Description of the task: Skip the images and print the listing exactly.
[Data below Boundary: Start]
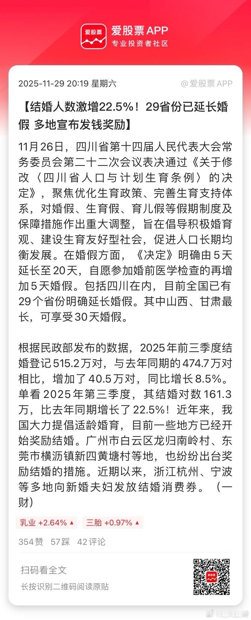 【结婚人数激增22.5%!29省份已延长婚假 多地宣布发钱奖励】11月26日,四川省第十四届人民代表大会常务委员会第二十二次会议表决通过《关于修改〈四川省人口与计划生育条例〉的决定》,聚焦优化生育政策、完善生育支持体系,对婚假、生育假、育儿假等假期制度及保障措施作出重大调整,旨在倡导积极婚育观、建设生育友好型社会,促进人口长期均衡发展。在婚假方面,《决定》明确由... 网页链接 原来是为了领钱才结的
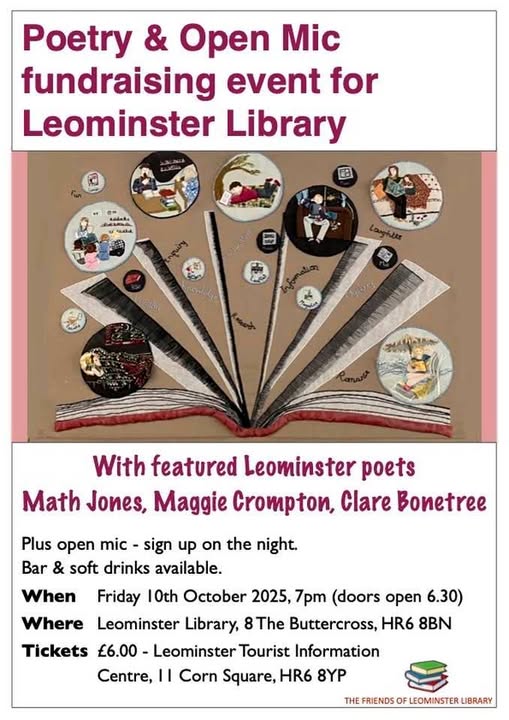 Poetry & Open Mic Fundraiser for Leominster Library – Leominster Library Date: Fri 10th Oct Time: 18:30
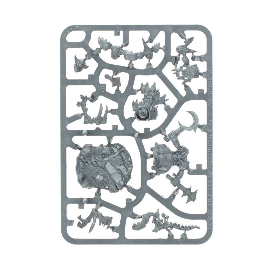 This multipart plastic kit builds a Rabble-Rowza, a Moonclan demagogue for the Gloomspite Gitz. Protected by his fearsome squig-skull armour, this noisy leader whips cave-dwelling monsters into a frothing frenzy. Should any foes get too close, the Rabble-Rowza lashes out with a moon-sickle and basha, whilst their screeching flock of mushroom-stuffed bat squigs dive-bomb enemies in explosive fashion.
[Data below Boundary: End]
Finished exercise:
 【结婚人数激增22.5%!29省份已延长婚假 多地宣布发钱奖励】11月26日,四川省第十四届人民代表大会常务委员会第二十二次会议表决通过《关于修改〈四川省人口与计划生育条例〉的决定》,聚焦优化生育政策、完善生育支持体系,对婚假、生育假、育儿假等假期制度及保障措施作出重大调整,旨在倡导积极婚育观、建设生育友好型社会,促进人口长期均衡发展。在婚假方面,《决定》明确由... 网页链接 原来是为了领钱才结的
 Poetry & Open Mic Fundraiser for Leominster Library – Leominster Library Date: Fri 10th Oct Time: 18:30
 This multipart plastic kit builds a Rabble-Rowza, a Moonclan demagogue for the Gloomspite Gitz. Protected by his fearsome squig-skull armour, this noisy leader whips cave-dwelling monsters into a frothing frenzy. Should any foes get too close, the Rabble-Rowza lashes out with a moon-sickle and basha, whilst their screeching flock of mushroom-stuffed bat squigs dive-bomb enemies in explosive fashion.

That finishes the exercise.